• **EXERCISE REQUIREMENTS**
From the records below, please print only the lines from the one containing "The inter-story drift" through the one containing "- Front tires: 275/45HR21.0", both included. Skip the pictures.

• **DATASET EXCERPTS**
┌──
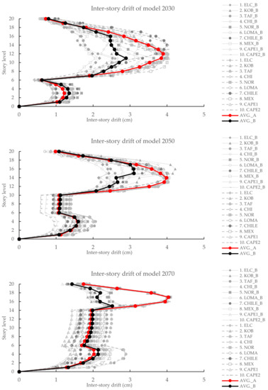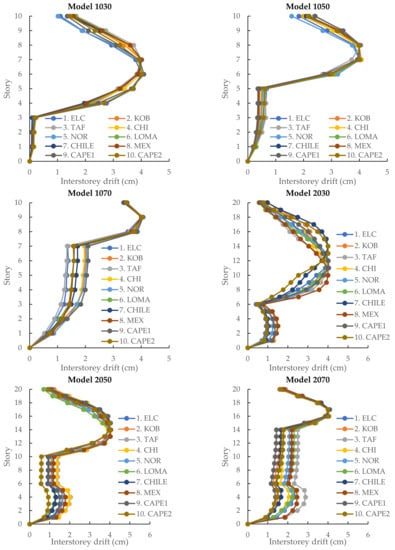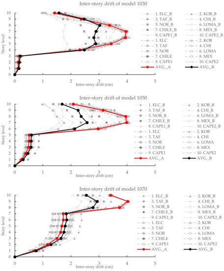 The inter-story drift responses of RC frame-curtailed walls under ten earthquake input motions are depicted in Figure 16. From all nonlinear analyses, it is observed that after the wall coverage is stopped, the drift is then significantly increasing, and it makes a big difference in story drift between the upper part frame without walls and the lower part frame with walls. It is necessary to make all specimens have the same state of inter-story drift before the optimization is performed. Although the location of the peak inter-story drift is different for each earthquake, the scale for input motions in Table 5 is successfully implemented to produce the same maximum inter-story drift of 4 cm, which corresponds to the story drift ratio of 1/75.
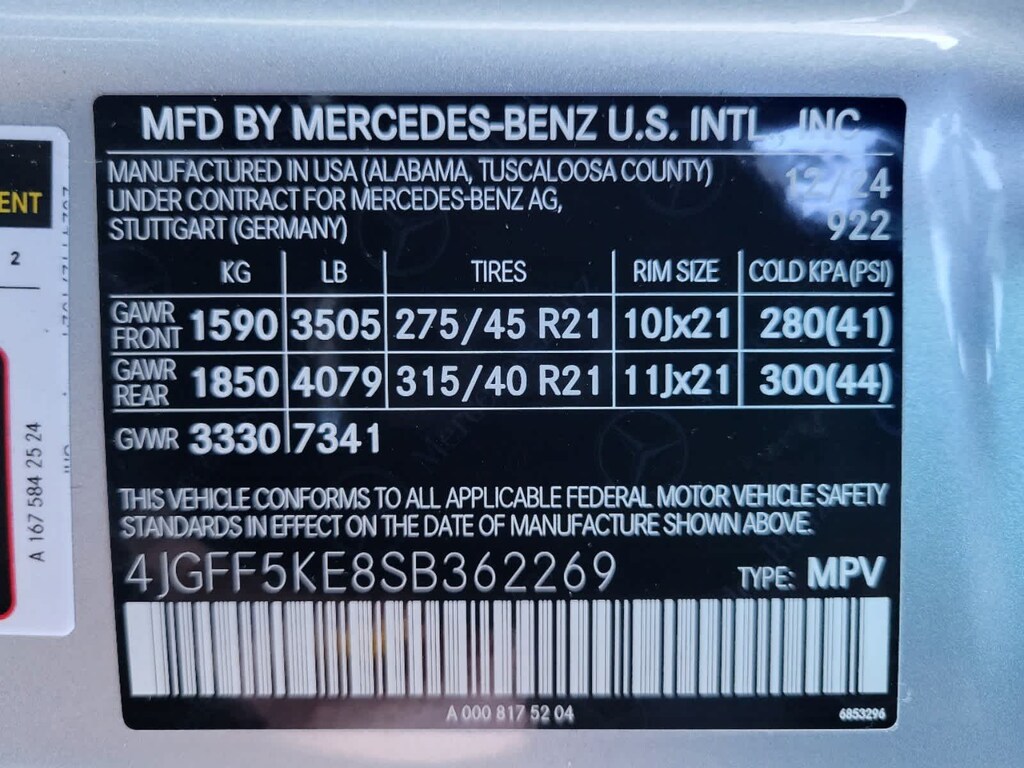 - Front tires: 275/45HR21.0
└──
┌──
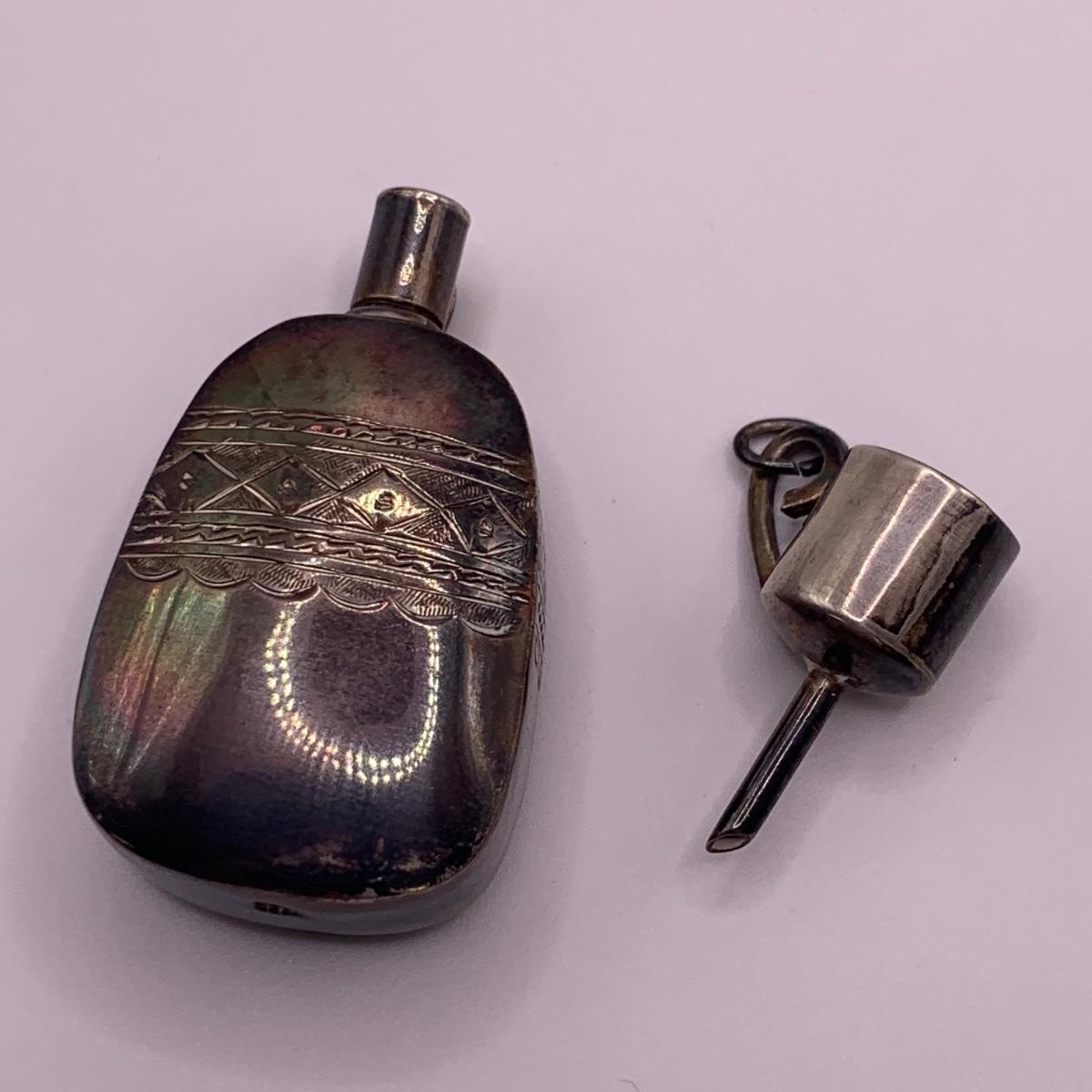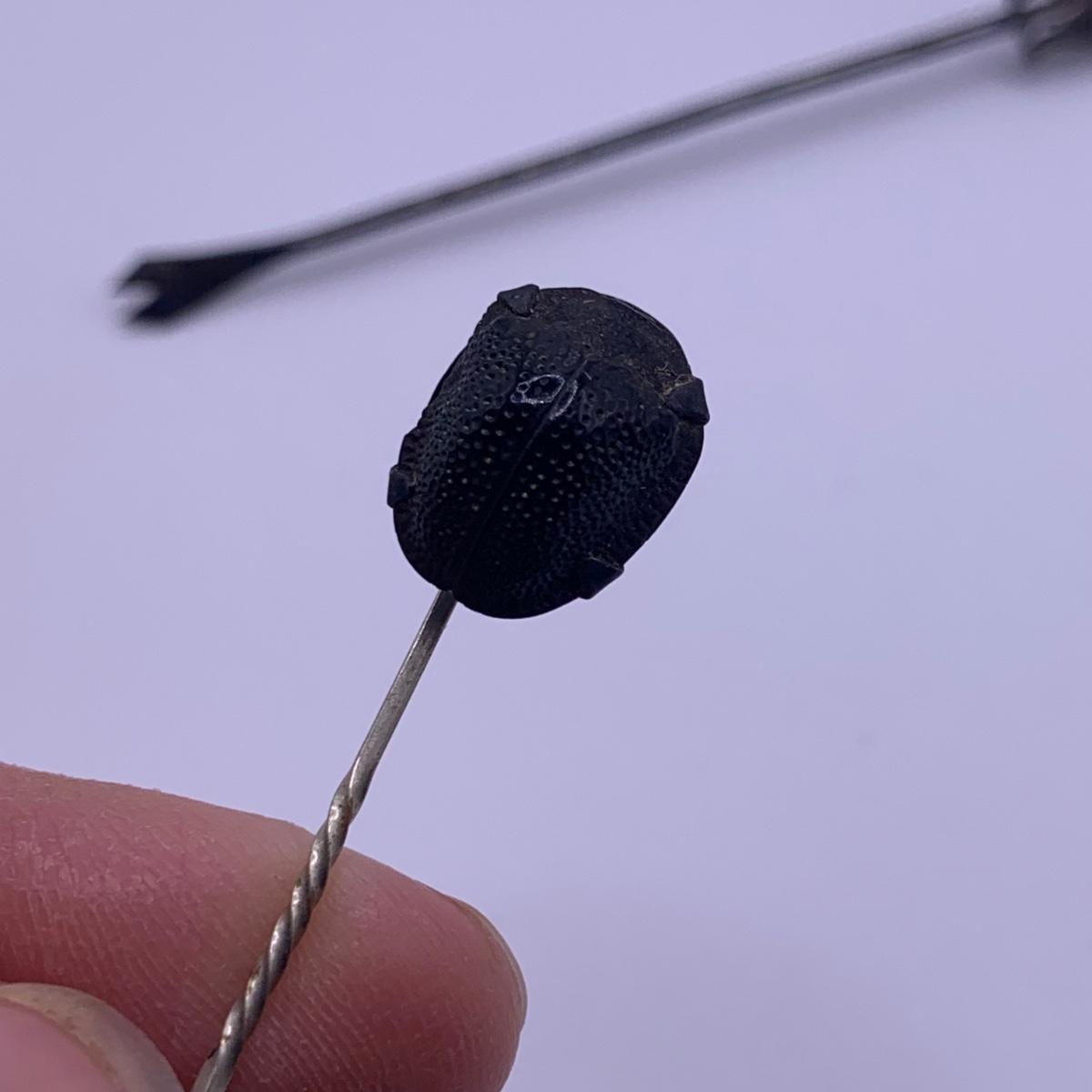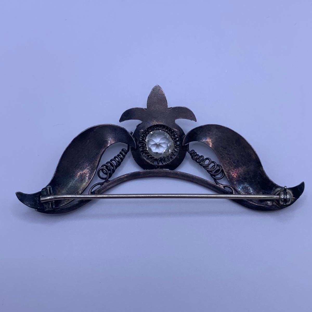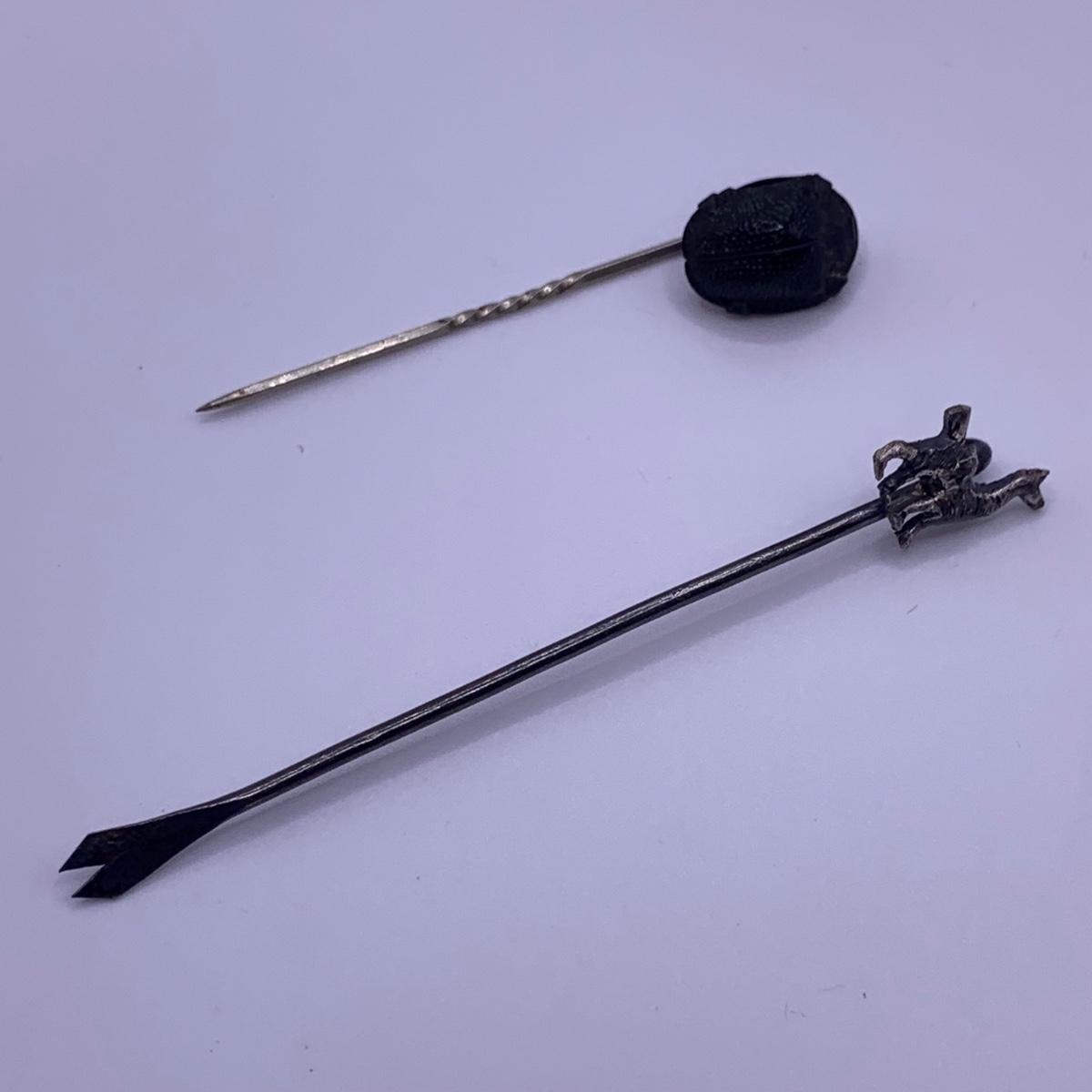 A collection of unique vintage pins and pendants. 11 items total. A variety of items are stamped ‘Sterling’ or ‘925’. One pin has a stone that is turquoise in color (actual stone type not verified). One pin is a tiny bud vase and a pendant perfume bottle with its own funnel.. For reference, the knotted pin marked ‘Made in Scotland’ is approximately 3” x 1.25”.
└──
• **ANSWER TO THIS PROBLEM**
 The inter-story drift responses of RC frame-curtailed walls under ten earthquake input motions are depicted in Figure 16. From all nonlinear analyses, it is observed that after the wall coverage is stopped, the drift is then significantly increasing, and it makes a big difference in story drift between the upper part frame without walls and the lower part frame with walls. It is necessary to make all specimens have the same state of inter-story drift before the optimization is performed. Although the location of the peak inter-story drift is different for each earthquake, the scale for input motions in Table 5 is successfully implemented to produce the same maximum inter-story drift of 4 cm, which corresponds to the story drift ratio of 1/75.
 - Front tires: 275/45HR21.0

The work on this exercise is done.